- About this exercise
The whole listing below should be printed again exactly, with no images.
--------
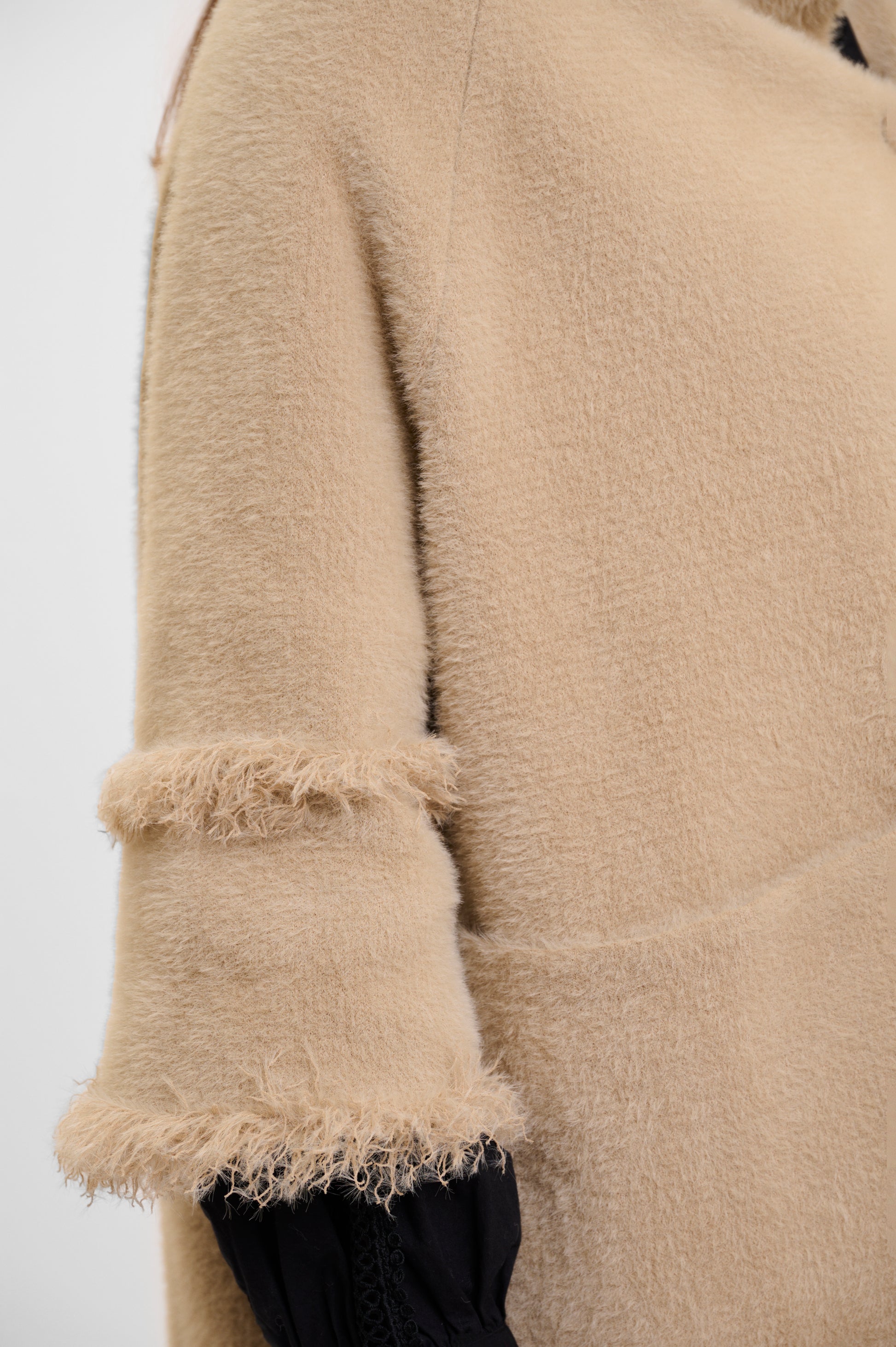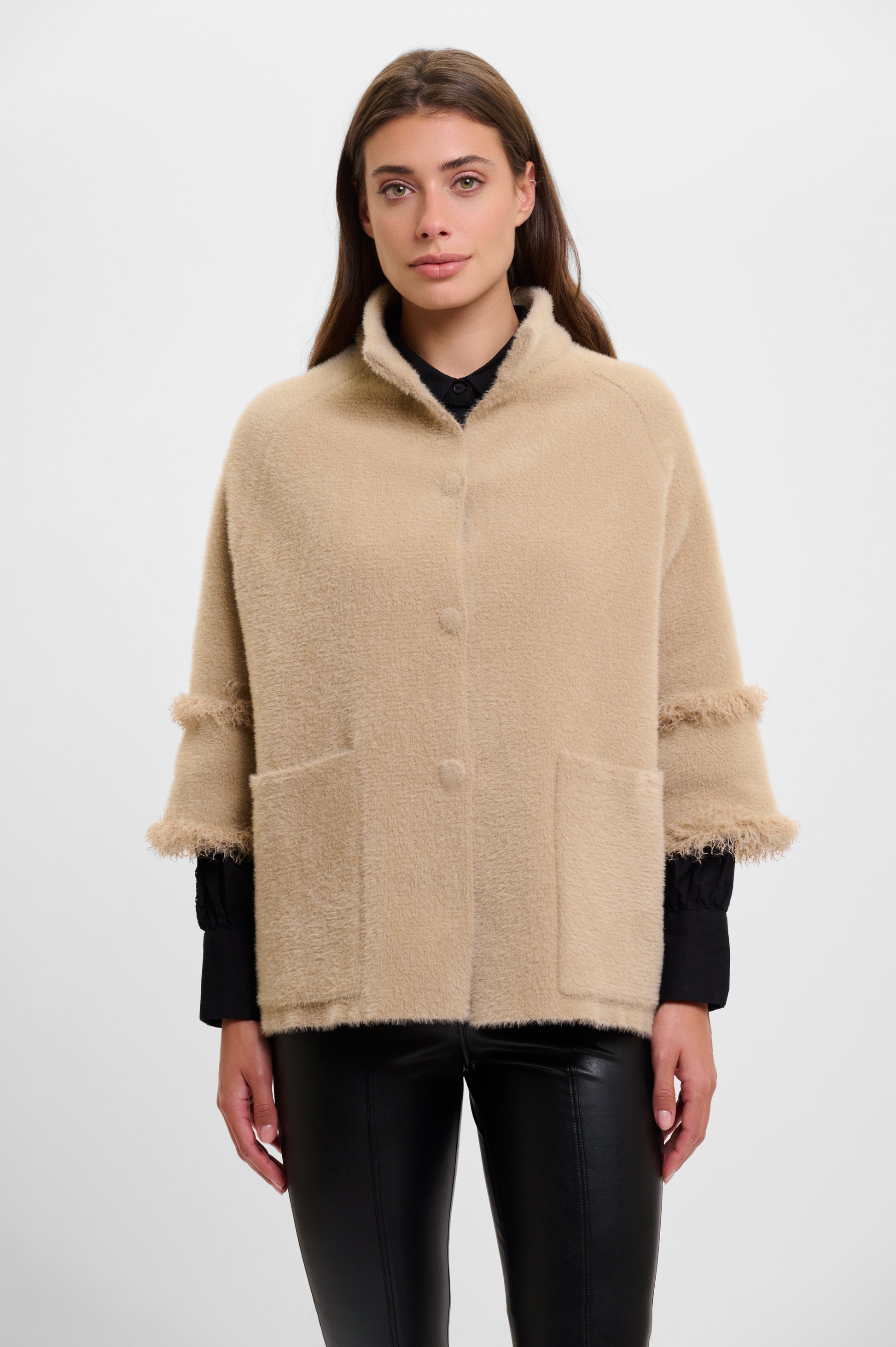 Indulge in luxurious comfort and style with the Sabe Cape in Desert by Rino & Pelle. This short knitted jacket boasts a unique cape look with stunning fringe details. Keep warm and chic with the stand up collar, button fastening, and practical front pockets. A must-have for a cozy and fashionable outfit!
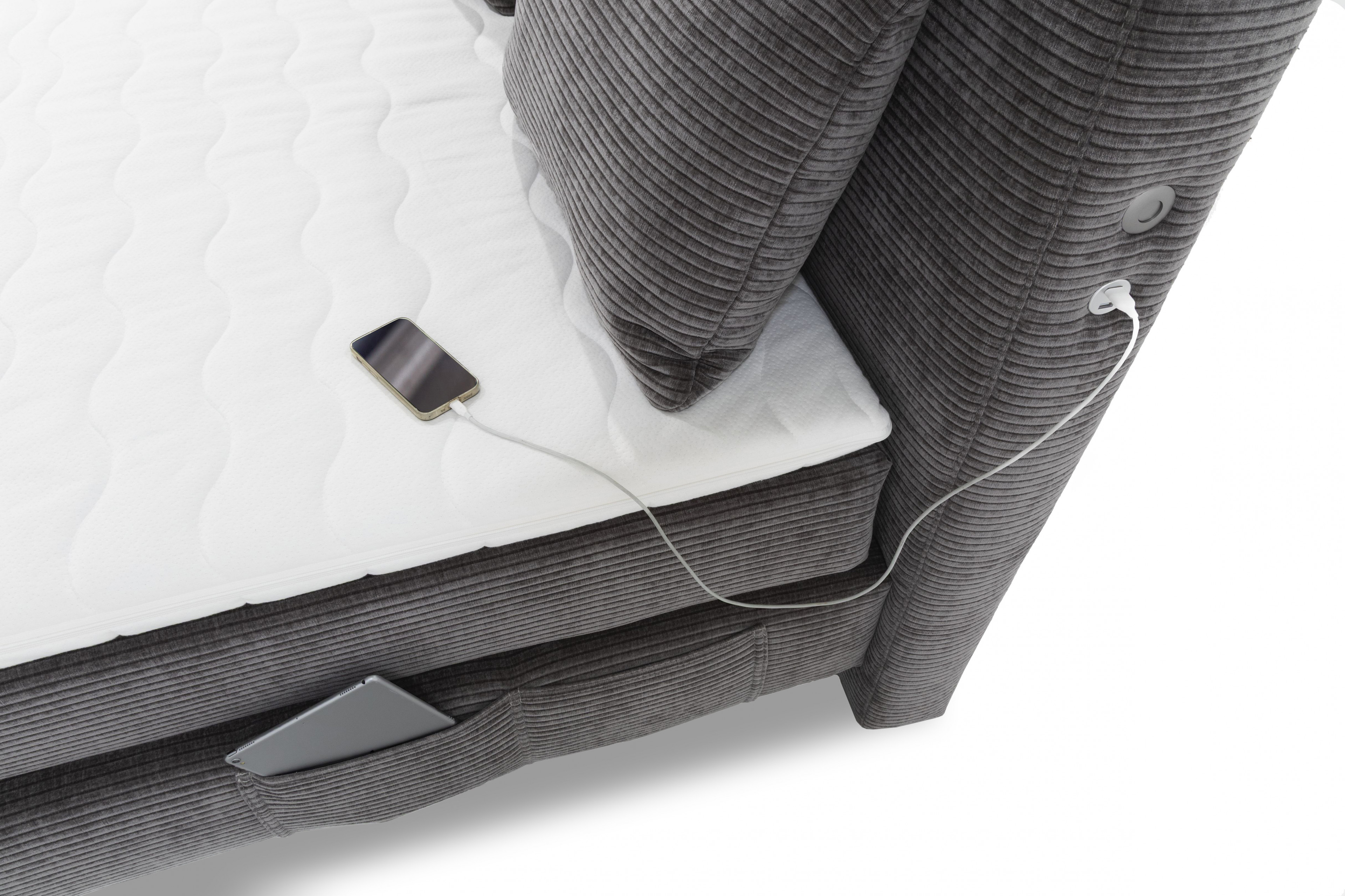 - Kopfteil: mit vertikaler Ziernaht, USB-Ladeports und Schaltknopf für Unterbodenbeleuchtung
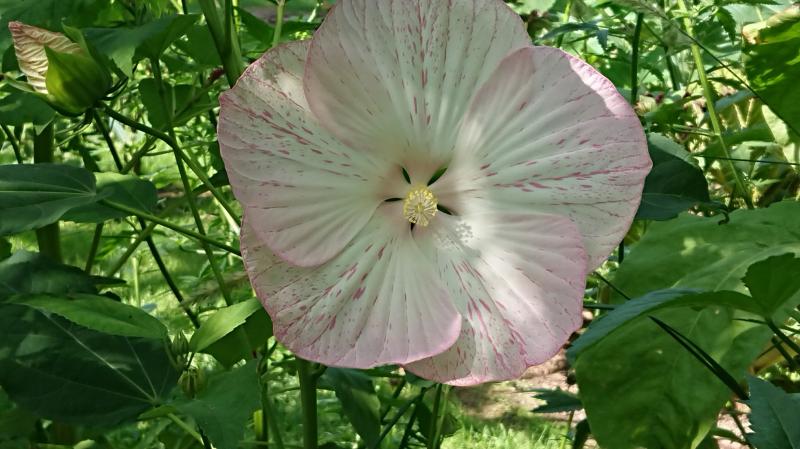 Bei mir blühen noch H. coccineus in weiß und Hibiscus palustris . palustris etwas unspektakulär, sehr gedrungen, es war wohl zu trocken...
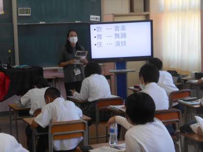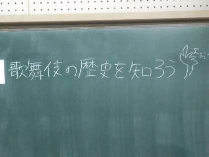 2年生の音楽です。「歌」は音楽を、「舞」は舞踊を、「伎」は演技を意味しているそうです。3枚目は先生が「読んでくれる人ー。」と言ったら、すぐに「はーい。」と元気な声で読んでいる人です。すばらしい。ありがとう。
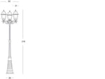 Palo de aluminio fundido. Difusores de vidrio transparente. Altura máxima de la lámpara: 210mm. Triángulo de fijación al suelo. Alimentación 230 V ~ 50 Hz. Clase de protección: IP43. Número de lámparas: 3. Potencia máxima de las lámparas: 100W.
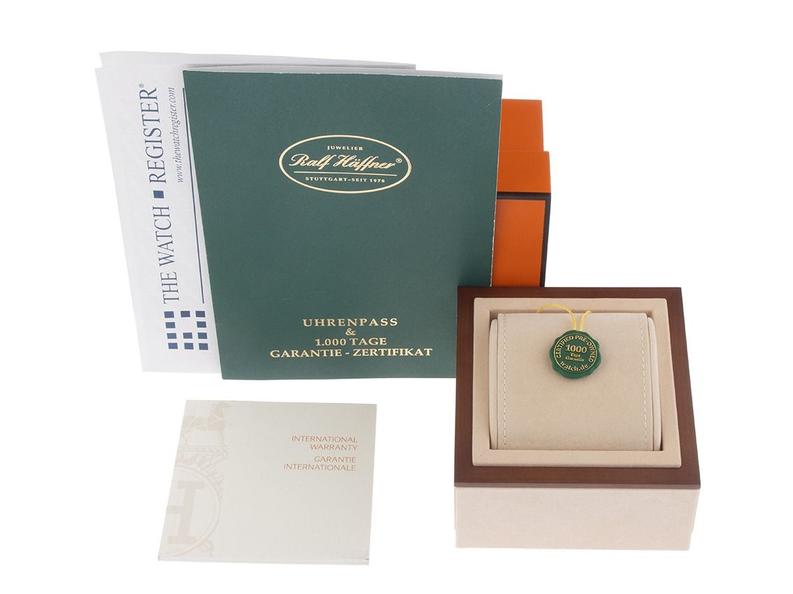 Inklusive certified pre owned Siegel / Uhrenpass mit einem Farbbild, der genauen Beschreibung sowie dem Wiederbeschaffungswert der Uhr über 2900,-€ und 1000 Tage Garantie ab Kaufdatum.
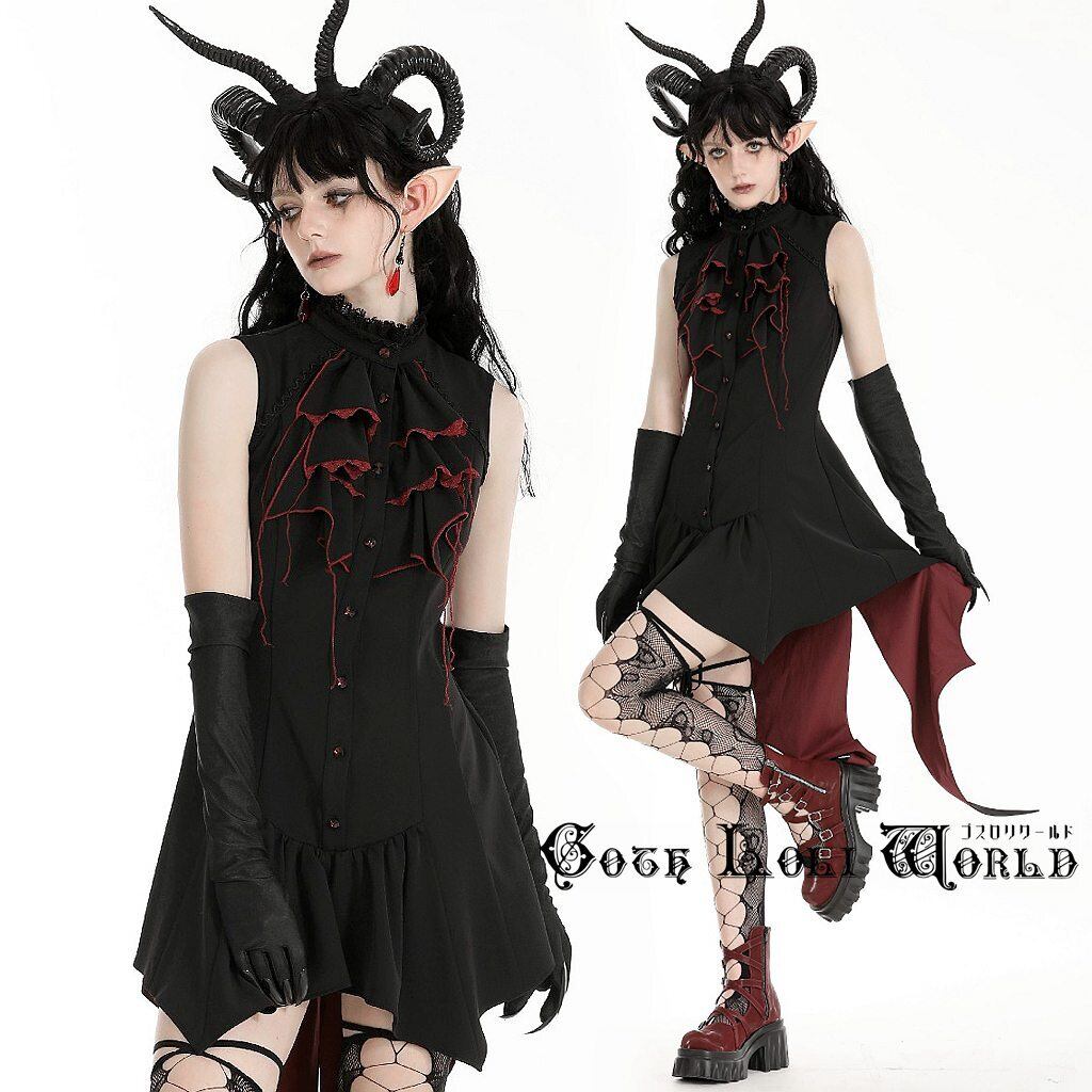 DW958 ヴァンパイアラッフルベスト ワンピース ファッション ゴシック ゴスロリ パンク ロック スチームパンク ビジュアル系 ヴィジュアル系 V系 モード系 地雷系 サブカル コスプレ ライブ ステージ 舞台 仮装 SM サイバー ハロウィン 衣装
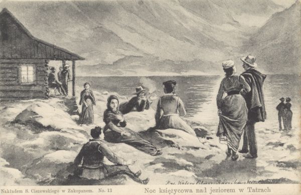 Reprodukcja obrazu Walerego Eljasza - Radzikowskiego pt. "Noc księżycowa nad jeziorem w Tatrach".
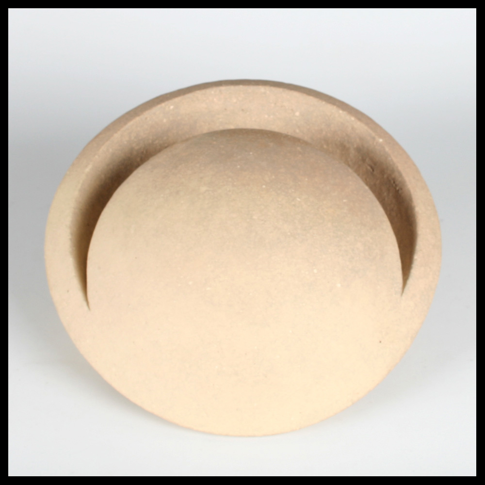 Veronika Pöschl (NL) – een platte afgeronde robuuste liggende discusvorm met openingen, met de hand gevormd, steengoed; aan een zijde een maanvormige uitsnijding, aan de andere zijde een ovale opening, oppervlakte met de lichte afdruk van de vingers, hoogte 14,5 cm. Dit stuk is in 1991 door de eerste eigenaren aangekocht bij Galerie De Witte Voet te Amsterdam.
--------
- Result of the task
 Indulge in luxurious comfort and style with the Sabe Cape in Desert by Rino & Pelle. This short knitted jacket boasts a unique cape look with stunning fringe details. Keep warm and chic with the stand up collar, button fastening, and practical front pockets. A must-have for a cozy and fashionable outfit!
 - Kopfteil: mit vertikaler Ziernaht, USB-Ladeports und Schaltknopf für Unterbodenbeleuchtung
 Bei mir blühen noch H. coccineus in weiß und Hibiscus palustris . palustris etwas unspektakulär, sehr gedrungen, es war wohl zu trocken...
 2年生の音楽です。「歌」は音楽を、「舞」は舞踊を、「伎」は演技を意味しているそうです。3枚目は先生が「読んでくれる人ー。」と言ったら、すぐに「はーい。」と元気な声で読んでいる人です。すばらしい。ありがとう。
 Palo de aluminio fundido. Difusores de vidrio transparente. Altura máxima de la lámpara: 210mm. Triángulo de fijación al suelo. Alimentación 230 V ~ 50 Hz. Clase de protección: IP43. Número de lámparas: 3. Potencia máxima de las lámparas: 100W.
 Inklusive certified pre owned Siegel / Uhrenpass mit einem Farbbild, der genauen Beschreibung sowie dem Wiederbeschaffungswert der Uhr über 2900,-€ und 1000 Tage Garantie ab Kaufdatum.
 DW958 ヴァンパイアラッフルベスト ワンピース ファッション ゴシック ゴスロリ パンク ロック スチームパンク ビジュアル系 ヴィジュアル系 V系 モード系 地雷系 サブカル コスプレ ライブ ステージ 舞台 仮装 SM サイバー ハロウィン 衣装
 Reprodukcja obrazu Walerego Eljasza - Radzikowskiego pt. "Noc księżycowa nad jeziorem w Tatrach".
 Veronika Pöschl (NL) – een platte afgeronde robuuste liggende discusvorm met openingen, met de hand gevormd, steengoed; aan een zijde een maanvormige uitsnijding, aan de andere zijde een ovale opening, oppervlakte met de lichte afdruk van de vingers, hoogte 14,5 cm. Dit stuk is in 1991 door de eerste eigenaren aangekocht bij Galerie De Witte Voet te Amsterdam.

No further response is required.